Краем деревни я шел по холму, иногда останавливаясь, чтобы сделать кадр. Увидел покосившуюся ограду возле брошенной дачи, заиндевелый башмак на ней. Ван Гог писал свои башмаки, стоящими на полу в хижине. Вряд ли бы он нашел башмак на изгороди. Почему-то у нас это принято, водружать на изгородь дырявые ведра, горшки, старую обувь. Оттого изгороди напоминают ограду языческих капищ. Сейчас, правда, уже редко встретишь такой башмак на изгороди, вместо этого – пивные баночки или пластиковые бутылки. Какая-то дикарская эстетика – украшать ими изгороди. Словно к деревням нашим причаливали корабли нового Кука из страны пепси-колы.

В давней статье, звучно названной цитатой из Гоголя «Что пророчит сей необъятный простор» и посвященной «Владимирке» Левитана, автор, Феликс Разумовский, утверждает, что простор претворял русскую историю. Но русская культура не сумела осуществить внутреннее пространство, дабы оно соответствовало внешнему. Мы утратили дар пейзажного мышления. И судьба русского пейзажа трагична.

Видя на холмах гранаты водонапорных башен и очертания каких-то умышленных конструкций, понимаешь всю правду и горечь этих соображений. В маршрутах по лесам и долам часто наталкиваешься на рваные воронки, оставшиеся после изъятия гравия, гниющие вершины на вырубках, железобетонные заглохшие сооружения. И повсеместно валяется пластиковый мусор. Поражают места пикников, куда обычно приезжают на автомобилях – и не по одному разу, о чем свидетельствует кладка дров для шашлыков, крепкий столик, иногда и скамейки. Эти стоянки похожи на помойки. В деревнях своей землей признают только то, что под носом, а в пяти метрах за изгородью – уже ничьё, и туда можно сваливать всю рвань и гадость. А лес тем более ничей, и на лесной дороге можно обнаружить ржавый холодильник, старый телевизор, колесо от трактора.

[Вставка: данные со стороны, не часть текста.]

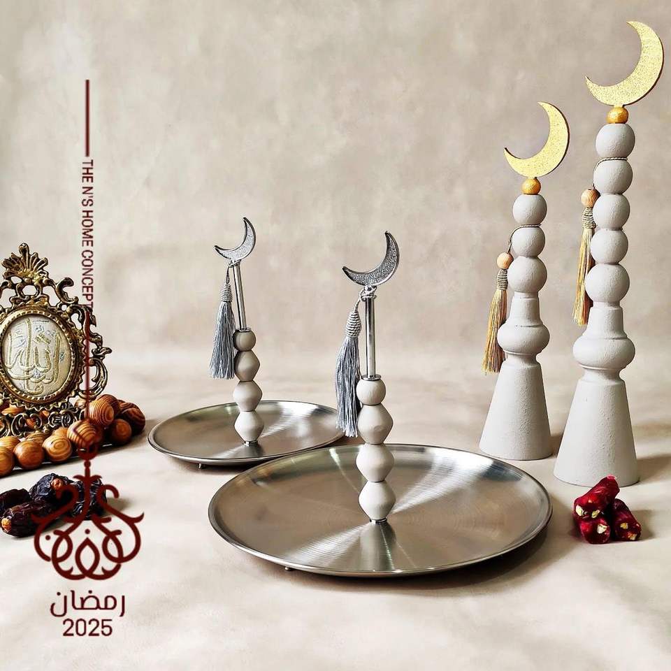 ถาดเสิร์ฟช็อกโกแลตพร้อมสัญลักษณ์อิสลามสำหรับวันเดือนรอมฎอนและของตกแต่งโต๊ะ

Окраина этой деревни являла собой печальное зрелище: какие-то ржавые вагончики, будки, ямы и насыпи. Кучи мусора, конечно, как без этого, - везде следы довольства и труда…

На окраине деревни Латошино

Правда, подальше стояла весьма скромная, если не сказать нищая дачка, но с изумительной тщательностью обработанная. Вдоль изгороди тянулась березовая аллейка, на углу росла сосна, на огороде был образцовый порядок, а ряд плодовых деревьев, залитых солнцем, напомнил мне снова о Ван Гоге, о незабываемом походе через две его комнатки на втором этаже бывшего железнодорожного вокзала, а ныне музея д’ Орсе на берегу Сены; комнатки эти были щедро озарены красками цветущих деревьев, и, убираясь восвояси, я думал, что это главное, увиденное в Париже. И, наверное, - здесь.

Спустившись к подножию другого холма, покрытого лесом, где протекает речка Волчейка, пообедал в ёлках и повернул к городу. Солнце освещало дорогу и редкие дома у подножия холма. Перед одним домом алела россыпь ягод в воздухе – калина. Мимо проносились поезда.

Снова взошел на Валутину гору, налил остатки крепкого и еще горячего чая, окинул взором долину, пройденный путь. В домах по склонам Сокольей горы зажигали вечерние печи, дымы вставали над крышами. Вдалеке солнце озаряло холм, на котором я побывал…

Ведь смешно получилось-то, внезапно понял я. Что пророчит сей необъятный простор?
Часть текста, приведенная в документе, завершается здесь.